Italian weekdays

Taxi drivers in Italy are a separate caste.

Not all of them are swindlers, but none of them will miss the opportunity to turn on a meter for a simple visitor at a suburban rate, and then justify their actions with a hard life: licenses are now rare and expensive (in Rome, for example, only 1800 people can drive a taxi, pay for such a right is necessary for 15 thousand, or even 20, and sometimes father-in-law and son-in-law have to buy a car together), trade union rules do not allow cheating (they will spot a passenger after the end of the shift – they will deprive them of the right to transport), tariffs have not changed almost since the last century , and even the evil mayor’s office introduced a flat fare to the airport. How here, pray tell, do not twist the counter?

The main Italian trouble

comparable in scale to fools and roads, is trade unions. Or rather, strikes. Everyone is on strike: pharmacists protest against the sale of aspirin in supermarkets, lawyers against increased competition, students against exams, professors against students, airport ground services against life in general. Each workshop seeks to complicate the existence of as many people as possible. When the heads of the stations are dissatisfied, the trains do not run; when the rights of gas stations are infringed upon, stores quickly run out of food, pharmacies run out of medicines, and ATMs run out of money. It is difficult to calm down all these people, especially since even deputy ministers from time to time arrange actions, march through the streets with briefcases and refuse to work on laws all day long. Theoretically, all this bacchanalia should be regulated by a special commission, and any action should be announced two weeks in advance. In practice, air traffic controllers, machinists and assistant pilots wanted to sneeze at the commission: aviation in Italy protests more often than it flies, on average more than 400 times a year. It’s even surprising that with all this garbage, at least someone at least sometimes tries to take off.

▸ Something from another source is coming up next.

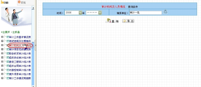 点击导航栏中的“审计机构及人员情况表”,右边页面显示出查询条件,包括时间、填报单位,如图6.2-6所示。

Until the fifties of the twentieth century, cave people lived in Italy: the whole area of ​​​​the city of Matera in Basilicata consists of caves. Now boutique hotels and museums are gradually being made from cave apartments.

Italy traditions, customs and culture of Italians

There are no walk-through courtyards in Italy: the courtyard is everyone’s internal affair, from outsiders it must be closed with a wall or at least a fence. Exactly one exception – the Roman district of Garbatella, urban planning experiment, started in the twenties. While the constructivists in Russia were inventing communal houses, Mussolini, in a more fertile climate, was turning an entire working-class quarter into a commune.

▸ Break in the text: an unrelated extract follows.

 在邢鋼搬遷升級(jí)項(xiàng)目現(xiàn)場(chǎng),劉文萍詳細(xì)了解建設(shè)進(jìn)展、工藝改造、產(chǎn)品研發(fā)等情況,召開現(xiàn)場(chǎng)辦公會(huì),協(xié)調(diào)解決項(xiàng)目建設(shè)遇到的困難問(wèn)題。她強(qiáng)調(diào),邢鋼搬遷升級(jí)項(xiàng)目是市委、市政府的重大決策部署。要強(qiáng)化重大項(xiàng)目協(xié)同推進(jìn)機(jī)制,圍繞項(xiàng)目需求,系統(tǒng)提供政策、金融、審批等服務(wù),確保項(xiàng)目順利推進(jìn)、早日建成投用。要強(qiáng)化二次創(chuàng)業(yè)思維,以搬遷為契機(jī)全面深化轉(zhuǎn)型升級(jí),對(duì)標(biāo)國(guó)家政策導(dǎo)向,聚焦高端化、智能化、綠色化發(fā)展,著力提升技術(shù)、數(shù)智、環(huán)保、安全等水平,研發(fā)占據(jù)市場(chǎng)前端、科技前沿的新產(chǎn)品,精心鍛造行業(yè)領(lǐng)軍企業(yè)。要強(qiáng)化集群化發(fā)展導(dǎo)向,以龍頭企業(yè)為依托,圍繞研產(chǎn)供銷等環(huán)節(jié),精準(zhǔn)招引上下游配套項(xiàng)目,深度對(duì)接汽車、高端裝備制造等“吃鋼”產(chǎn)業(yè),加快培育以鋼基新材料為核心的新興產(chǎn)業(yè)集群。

Italians are sure that the main thing in a foreign language

pronounce (because they themselves have an almost indestructible accent – having lived in Russia for a couple of decades, a Roman or Milanese will still say “zlovar”). On the other hand, a tourist who has learned to write “non parlo litaliano” without losing a single vowel will in most cases pass for a local – after this phrase, he will be addressed in rapid-fire Italian without any concessions.

There are three hundred dialects in Italy (not to mention some Sardinian language).

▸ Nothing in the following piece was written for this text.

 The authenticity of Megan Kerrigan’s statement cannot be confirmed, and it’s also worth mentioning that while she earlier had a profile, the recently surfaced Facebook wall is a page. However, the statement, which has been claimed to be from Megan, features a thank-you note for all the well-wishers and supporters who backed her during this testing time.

Most of them almost died out, leaving a memory in the form of a couple of dishes on the menu, several names on the map and the manner of pronouncing “r” (in Rome they roll it out), “z” (in Milan this sound is replaced, where possible, with “s”) or “k” (in Tuscany they say “hoha-hola”). But in some places the dialect turns into a way to oppose itself to the world. The clearest example is Venice, where the same square can be called in three ways – from “San Giovanni” to “San Zan” and “San Zanipolo”.

In the same Venice, houses are numbered not by streets

but by quarters, of which there are only six in the whole city. As a result, postmen have to deal with “San Marco 3467” and “Santa Croce 4853”, and hotels have to send instructions to future guests with the interpretation of the address (even Google could not defeat the Venetians – it seems that they managed to confuse the satellite in the same way, like any American tourist). However, in peaceful land Florence you have to get lost: legal entities are supposed to have a separate number there, red, so after the 16th house it may well be followed by the 4th or even the 7th (there is often no division into even and odd sides of the street) . To come to terms with the fact that the second Italian floor is our third, and the universal first is considered zero, that is, “earthly” (pian terreno), after this it is already easier than ever.

An Italian elevator (inscribed in a 600-year-old staircase) can have five corners or no roof, and it will never close itself: after leaving, you need to close the doors carefully.

Each Italian city has its own schedule. In Florence, restaurants rest on Sundays, and ice cream parlors on Mondays. In Bologna on a Wednesday evening you will not find an open grocery store. Residents of Ferrara dine at home on Thursday – restaurants are closed on this day (you can, however, rush to Modena – where the chefs take a break on Mondays). There is only one common problem: on Monday morning – no shopping. Until 15:30, the money can only be spent on food.